Over the past decade, non-surgical therapies for hepatocellular carcinoma (HCC) occurring on a background of cirrhosis have been established as effective. Hepatic arterial chemoembolisation has a proven survival advantage in selected patient groups,^1,2 and there is now strong evidence that ablative therapies, both percutaneous alcohol injection³ and radiofrequency ablation,⁴ have survival benefit. In addition, HCC incidence is increasing in the Western world, mainly due to the hepatitis C epidemic and this cancer now has an increasing impact on health services.
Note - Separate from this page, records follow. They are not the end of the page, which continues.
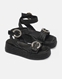 Δερμάτινα flatforms ψάθινα Ελληνικής κατασκευής με τοκά strass Μαύρο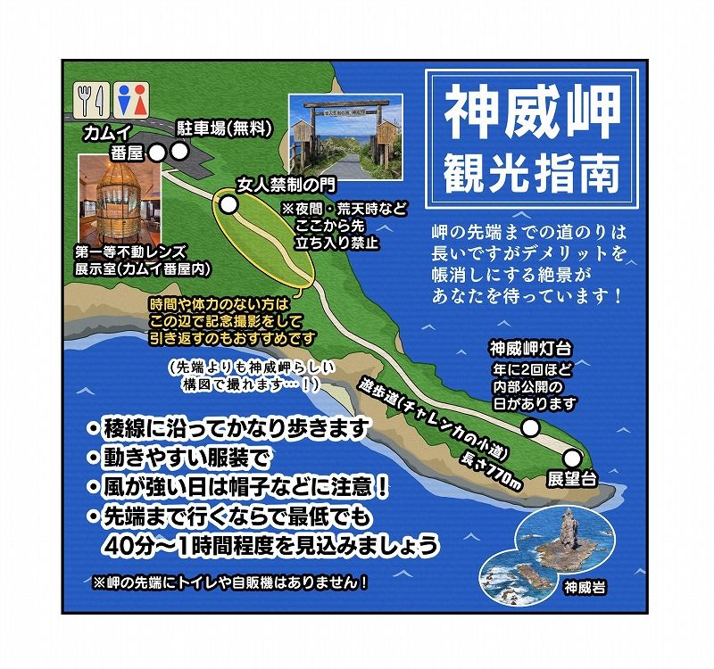 神威岬観光の際は、時間と体力に余裕をもって楽しんでください。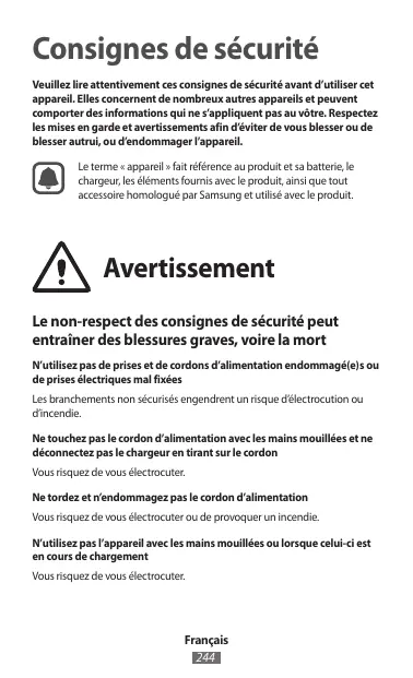 Le non-respect des consignes de sécurité peut entraîner des blessures graves, voire la mort N’utilisez pas de prises et de cordons d’alimentation endommagé(e)s ou de prises électriques mal fixées Les branchements non sécurisés engendrent un risque d’électrocution ou d’incendie. Ne touchez pas le cordon d’alimentation avec les mains mouillées et ne déconnectez pas le chargeur en tirant sur le cordon Vous risquez de vous électrocuter. Ne tordez et n’endommagez pas le cordon d’alimentation Vous risquez de vous électrocuter ou de provoquer un incendie. N’utilisez pas l’appareil avec les mains mouillées ou lorsque celui-ci est en cours de chargement Vous risquez de vous électrocuter.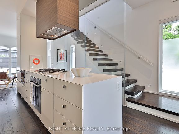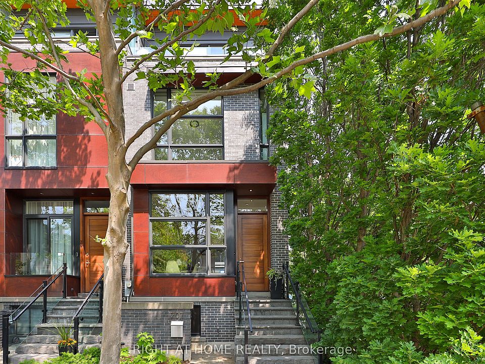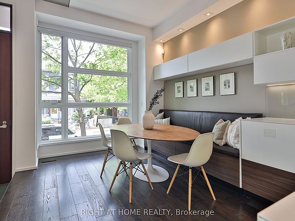 A wider and true end townhome in Trinity Bellwoods - uniquely positioned with rare south-facing windows - ideal for those craving great space and tremendous sunlight. This freehold townhome is defined by a great floorplan, leafy views, a clean modern interior, and a seamless layout ideal for both daily living and superb entertaining. Ten-foot ceilings on the main level frame an expansive chefs kitchen with a generous dining room and a refined living space with custom gas fireplace, built-ins, and walkout to a private urban garden with gas and water connections. Upstairs, you'll find three bedrooms including a remarkable full-floor primary suite with walk-in closet, spa-like ensuite with soaker tub, and a private terrace with quiet views over Trinity Bellwoods. 2nd floor laundry for added convenience. The lower level offers a flexible family room / den / home office, powder room, and direct access to a secure and oversized underground garage. A rare end home in a thoughtfully designed community, just moments to College, Dundas West, Queen West and the park.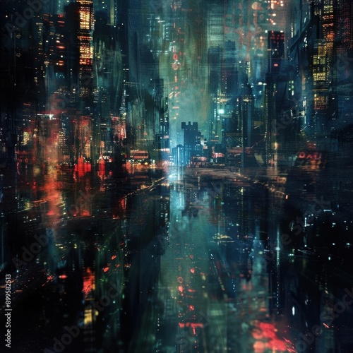 © Nam Sara, Fototapeta premium A dark and rainy cityscape at night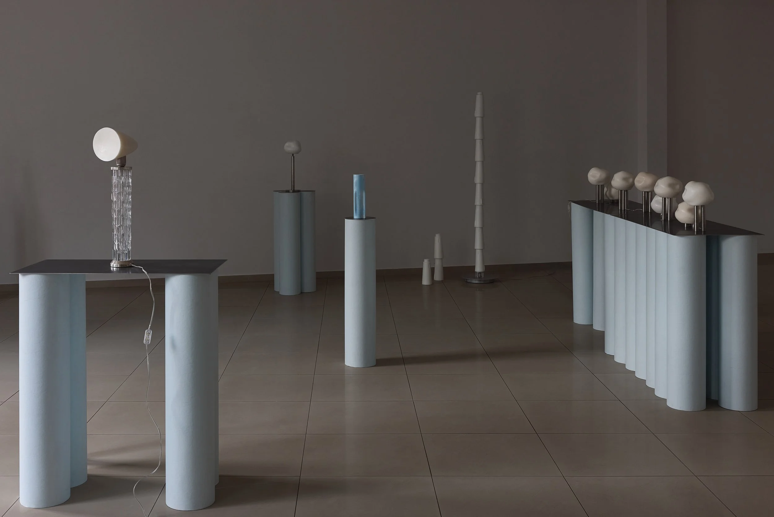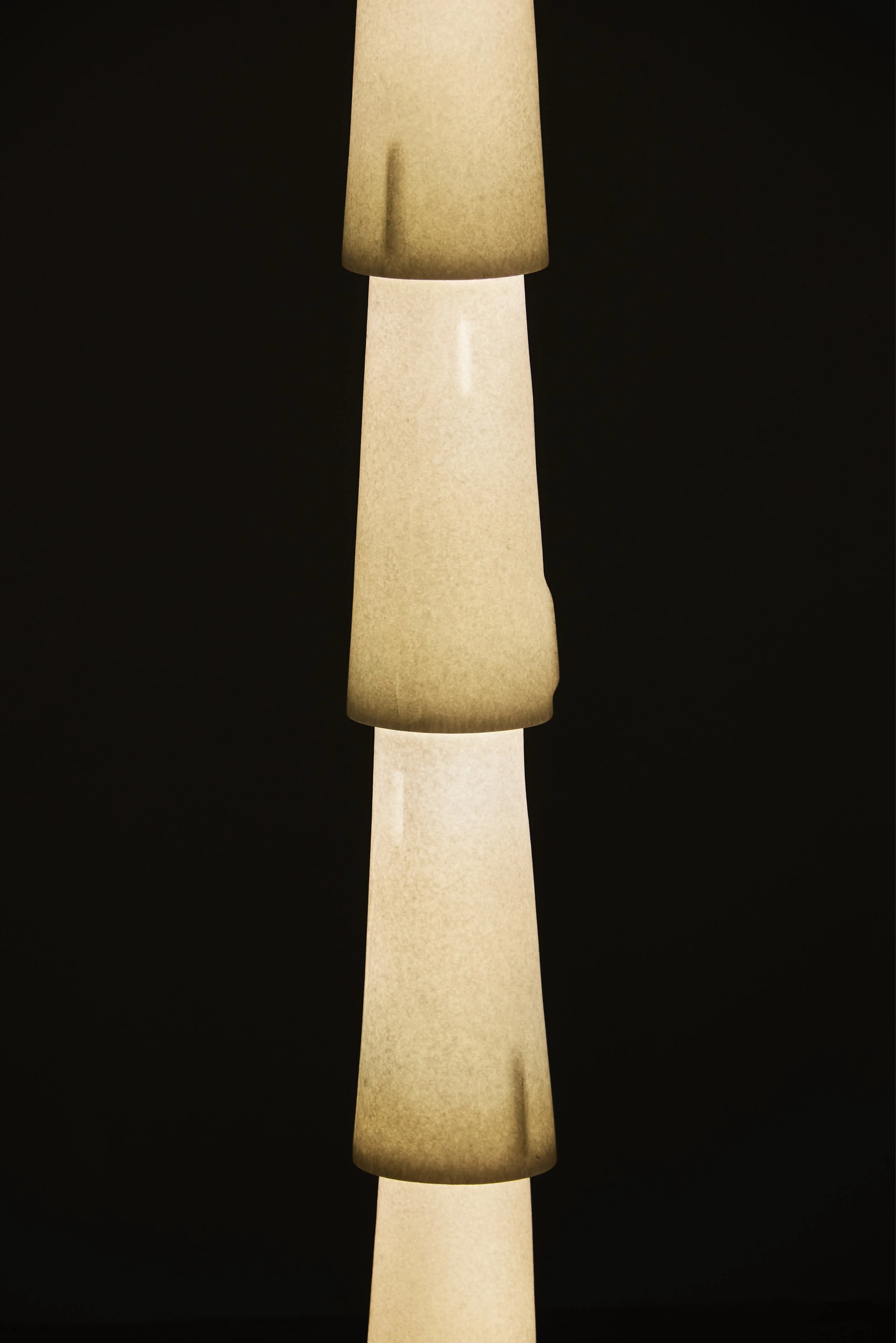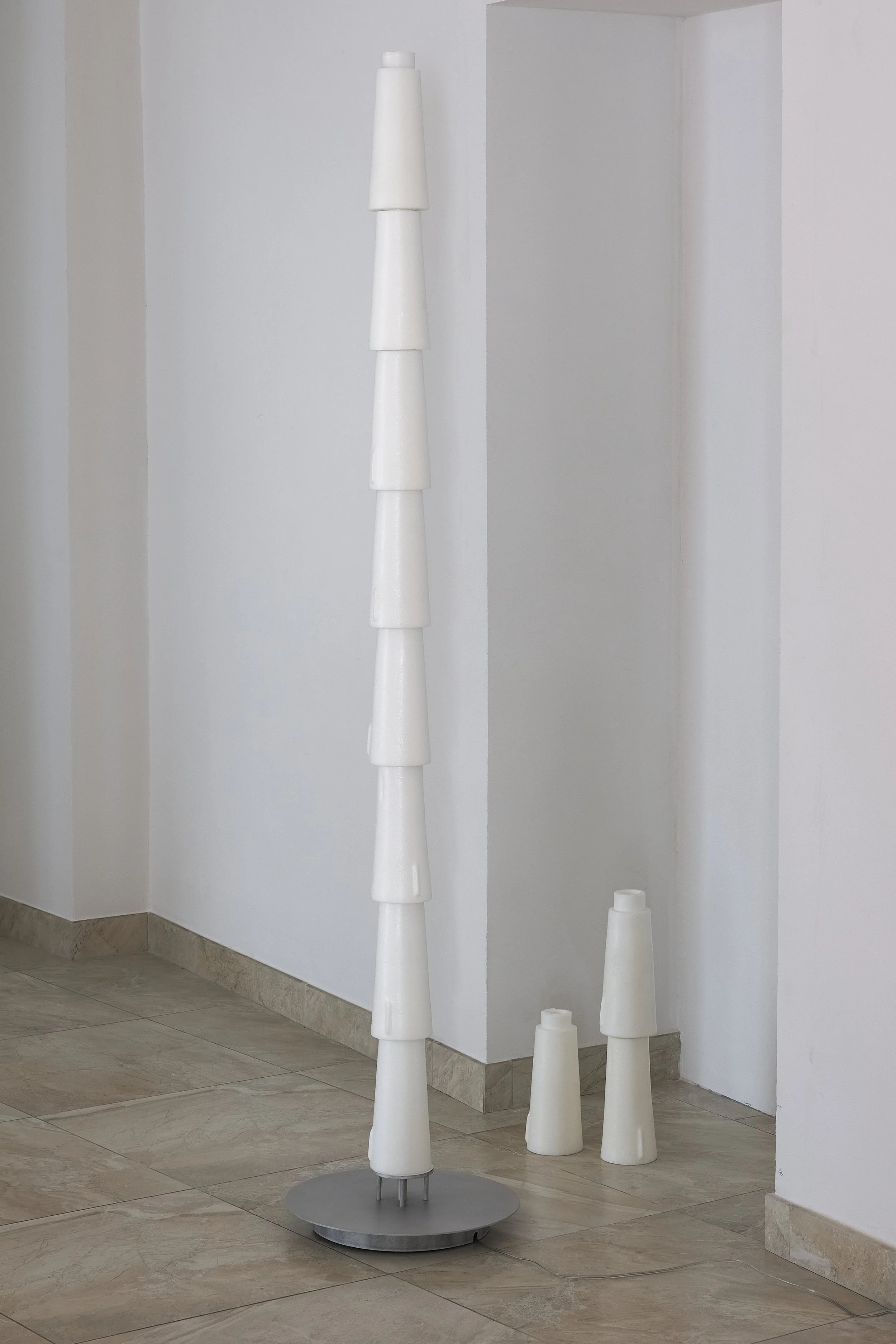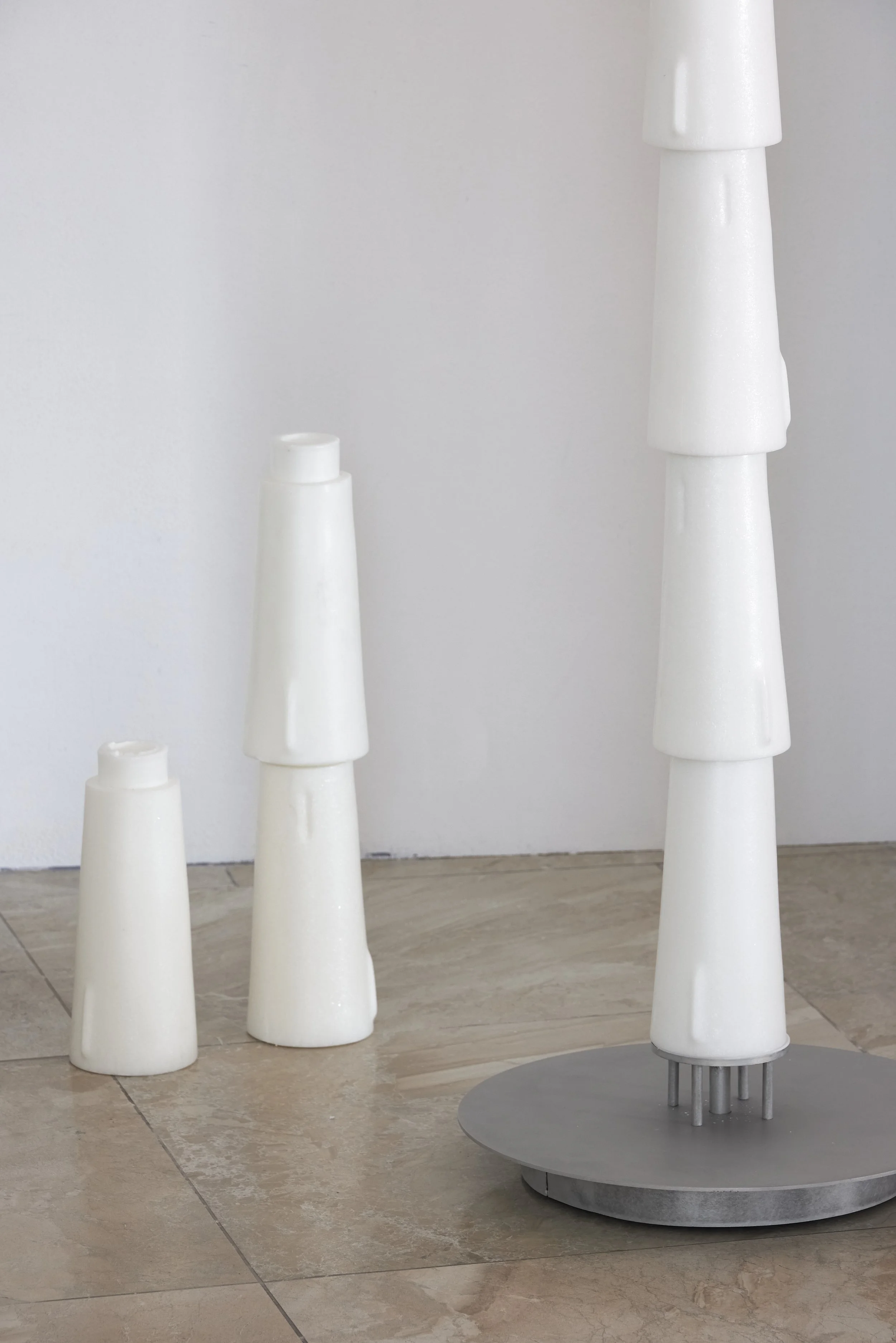 The installation consists of natural wax modules connected into a totem-like forms. The piece can be adjusted to fit different heights and compositions for various spaces.

A further change in the clinical setting in which we encounter HCC has occurred. The advent of ablative therapy for HCC, which can destroy tumour nodules up to approximately 5 cm in diameter, has focused the need for detection of tumours at an early stage in cirrhotic patients and has led to the widespread use of screening in most of the world. There is no doubt that screening using ultrasound and α fetoprotein will detect HCC at a smaller size.⁵ This has produced the need for new prognostic models given that the initial Okuda system⁶ was developed some 30 years ago when the size of HCCs at presentation was substantially larger than today.

Thus prognostic models are important from both a clinical perspective, of being able to give patients and their relatives accurate information on survival, and from a research perspective, to assess outcome of new therapies to help define prognosis as accurately as possible. A number of prognostic models for HCC have been developed. All models have been established in patient cohorts and validated in other cohorts. All available models have established two key factors influencing outcome: how good is the underlying liver function and how extensive is the tumour.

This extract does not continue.